練習問題3.32

入力を 0,1 → 1,1 → 1,0 と変化させたとき振る舞いが変わる。
一回目の入力の変化で「出力を1にする」という予定が追加され、その後2回目の入力の変化で「出力を0にする」という予定が追加される。キューだとこの順番に処理されるので出力は最終的に0だが、リスト（要するにスタック）を使うと逆に処理されるので最終出力が1になりおかしい。

by dolicas

練習問題3.33

(define (averager a1 a2 ave)
  (define (process-new-value)
    (cond ((and (has-value? a1) (has-value? a2))
           (set-value! ave
                       (/ (+ (get-value a1) (get-value a2)) 2)
                       me))
          ((and (has-value? a1) (has-value? ave))
           (set-value! a2
                       (- (* 2 (get-value ave)) (get-value a1))
                       me))
          ((and (has-value? a2) (has-value? ave))
           (set-value! a1
                       (- (* 2 (get-value ave)) (get-value a2))
                       me))))
  (define (process-forget-value)
    (forget-value! ave me)
    (forget-value! a1 me)
    (forget-value! a2 me)
    (process-new-value ))
  (define (me request)
    (cond ((eq? request 'I-have-a-value) (process-new-value ))
          ((eq? request 'I-lost-my-value) (process-forget-value ))
          (else (error "Unknown request: ADDER" request ))))
  (connect a1 me)
  (connect a2 me)
  (connect ave me)
  me)

実行結果

> (define A (make-connector))
> (define B (make-connector))
> (define C (make-connector))
> (averager A B C)
#<procedure:me>
> (probe "A" A)
#<procedure:me>
> (probe "B" B)
#<procedure:me>
> (probe "C" C)
#<procedure:me>
> (set-value!
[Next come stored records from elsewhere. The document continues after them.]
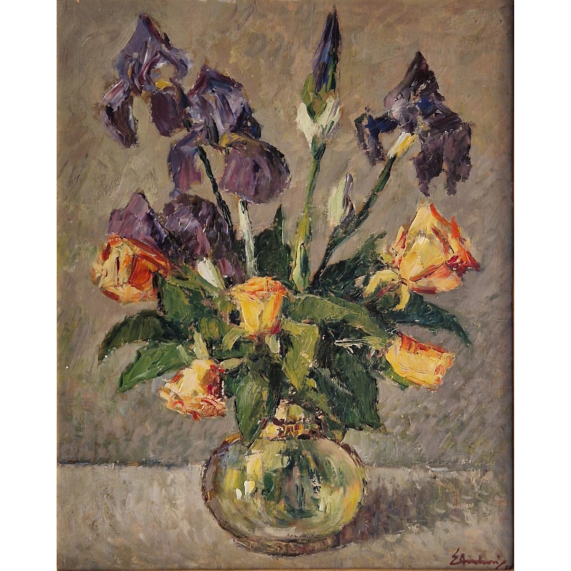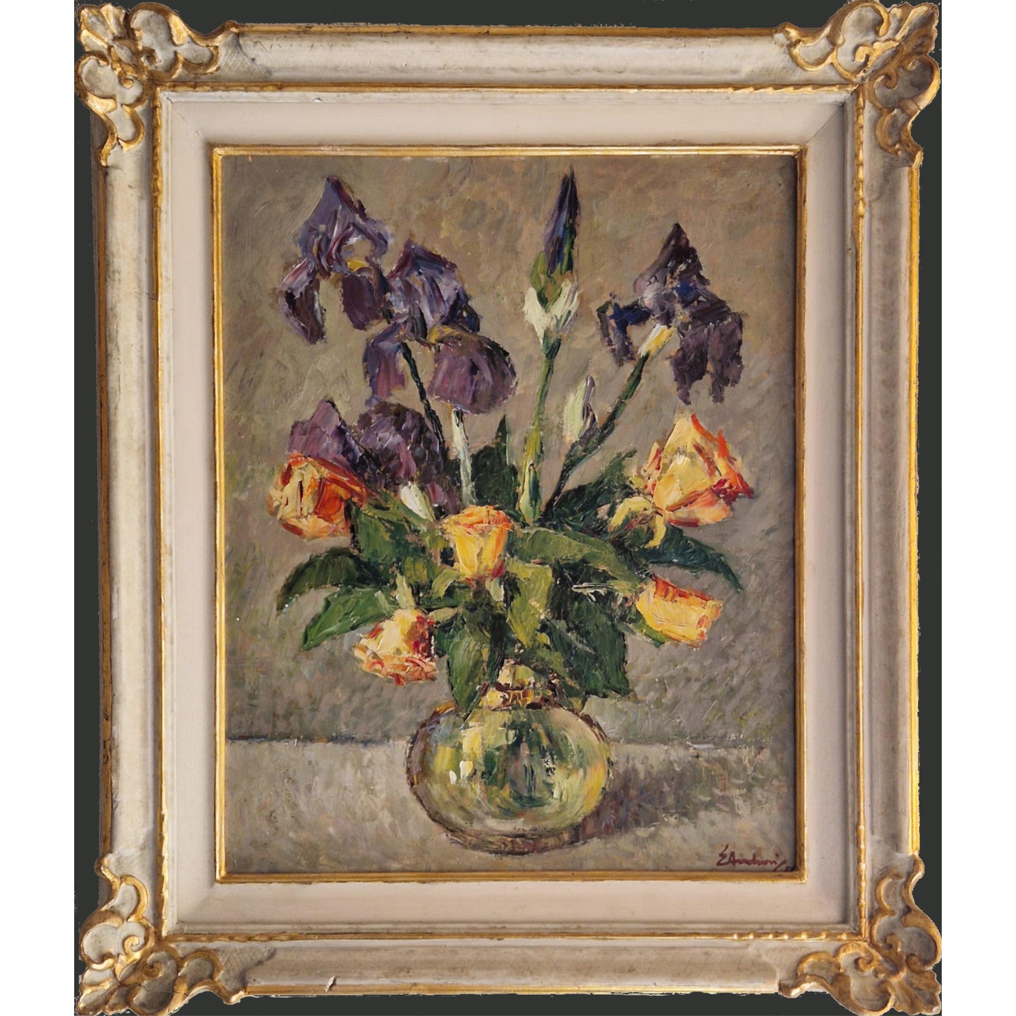 Elmo Ambrosi, Vaso con fiori gialli e viola, olio su tavola, cm 50x4, cornice coeva
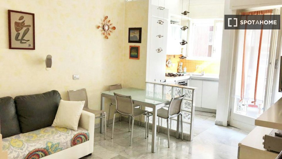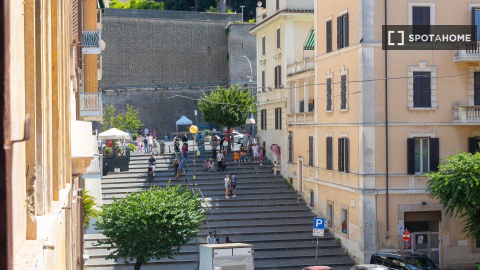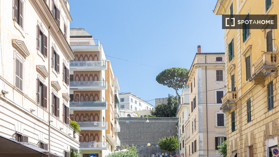 Scopri questo grazioso appartamento con 2 camere da letto disponibile per l'affitto nel cuore del Quartiere Trionfale, a Roma. Questa proprietà completamente arredata offre comfort moderni, tra cui aria condizionata individuale, TV, cucina attrezz...
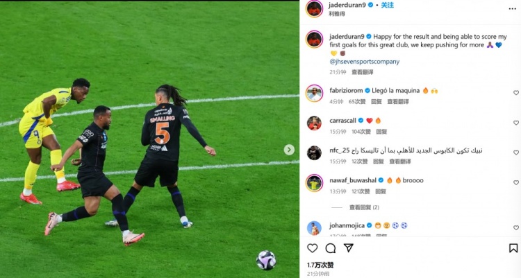 2月8日訊 利雅得勝利在本輪沙特超3-0輕取費(fèi)哈,新援杜蘭首秀雙響建功并獲評官方本場最佳。他也在賽后通過社媒曬出自己的比賽照,并配文:“對勝利感到高興,也很開心能夠?yàn)檫@家的偉大俱樂部打進(jìn)我的處子球,我們會繼續(xù)努力爭取贏得更多?!?/p> 本文標(biāo)簽: 足球 利雅得勝利 五洲
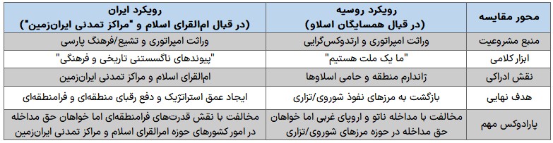 رفتار رژیم ولایی ایران نسبت به همسایگان خود نیز، هم در ساحت ایدئولوژی و هم در عمل، شباهتهای زیادی به نمونه روسی آن دارد. قدرت آتش ویرانگری این دو رژیم، در عمل، بهخاطر اهمیت ندادن به رفاه شهروندان خود، بسیار بیشتر از آن چیزی است که میتوان از ارقام مربوط به امکانات اقتصادی و انسانی آنها استنباط کرد. کافی است به حجم ویرانی و کشتار روسیه در اوکراین و کشتار و ویرانی مشابه ناشی از ماجراجویی ایران در سوریه، لبنان، غزه، عراق و یمن توجه کنیم.
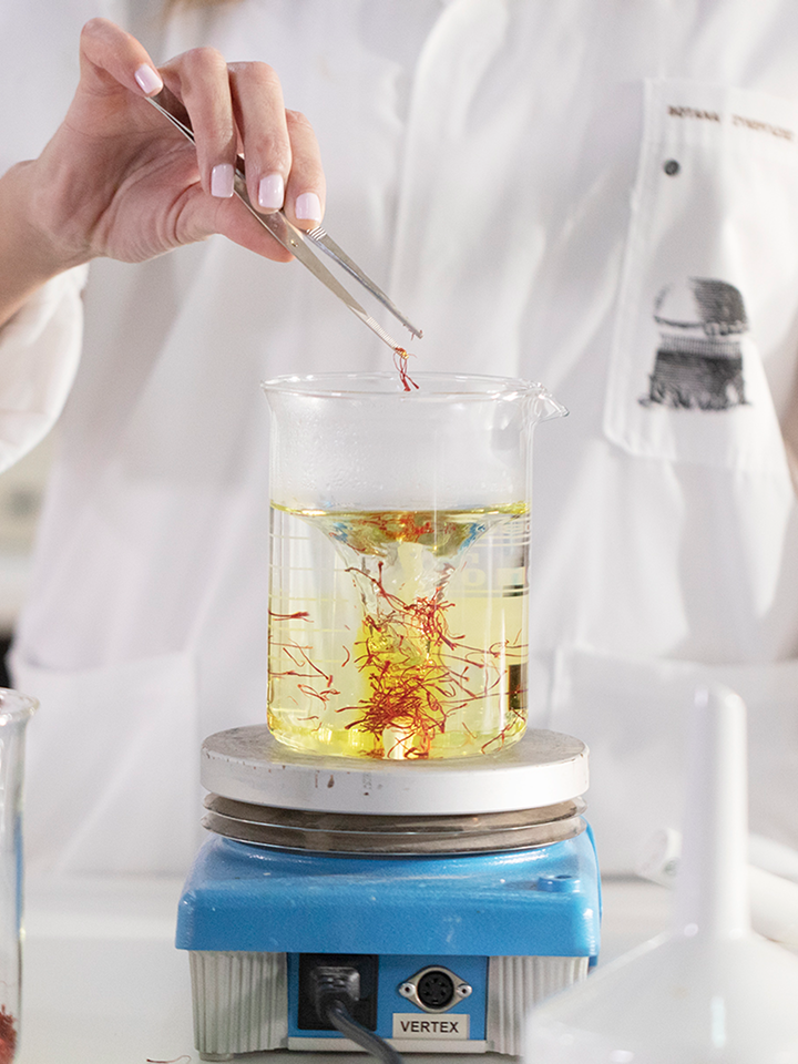 The precious Greek Saffron stigmas are taken to the KORRES Extraction Lab and stored in stable humidity and temperature conditions, while undergoing strict controls to ensure specific quality parameters, as per the ISO 3632 standard.

A 20 'user)

Probe: A = 20'done
> (set-value! B 50 'user)

Probe: B = 50
Probe: C = 35'done

動いた。かわいい。

by tube

組み合わせて作れという制約を守ったのがこちら

(define sophie (make-connector))
(define rorona (make-connector))
(define meruru (make-connector))
(define (averager sophie rorona meruru)
  (let ((ayesha (make-connector))
        (escha (make-connector)))
    (adder sophie rorona escha)
    (multiplier meruru ayesha escha)
    (constant 2 ayesha)
    'ok))

実行結果

> (averager sophie rorona meruru)
'ok
> (has-value? sophie)
#f
> (set-value! sophie 5 'user)
'done
> (set-value! rorona 7 'user)
'done
> (probe "sophie" sophie)

Probe: sophie = 5#<procedure>
> (probe "rorona" rorona)

Probe: rorona = 7#<procedure>
> (probe "meruru" meruru)

Probe: meruru = 6#<procedure>
> 

幼女コネクタかわいい by ふえはうたう

練習問題3.35

(define (squarer a b)
  (define (process-new-value)
    (if (has-value? b)
        (if (< (get-value b) 0)
            (error "square less than 0: SQUARER"
                   (get-value b))
            (set-value! a (sqrt (get-value b)) me))
        (if (has-value? a)
            (set-value! b (* (get-value a) (get-value a)) me))))
  (define (process-forget-value) 
    (forget-value! a me)
    (forget-value! b me)
    (process-new-value))
  (define (me request)
    (cond ((eq? request 'I-have-a-value) (process-new-value ))
          ((eq? request 'I-lost-my-value) (process-forget-value ))
          (else (error "Unknown request: SQUARER" request ))))
  (connect a me)
  (connect b me)
  me)

by pine

練習問題3.36

練習問題3.37

(define (c+ x y)
	(let ((z (make-connector )))
		(adder x y z)
		z))

(define (c- x y)
	(let ((z (make-connector)))
		(adder y z x)
		z
		)
	)

(define (c* x y)
	(let ((z (make-connector)))
		(multiplier x y z)
		z
		)
	)

(define (c/ x y)
	(if (eq? y 0)
		(error "division by zero")
		(let ((z (make-connector)))
			(multiplier y z x)
			z
			)
		)
	)

(define (cv value)
	(let ((z (make-connector)))
		(constant value z)
		z
		)
	)

by dolicas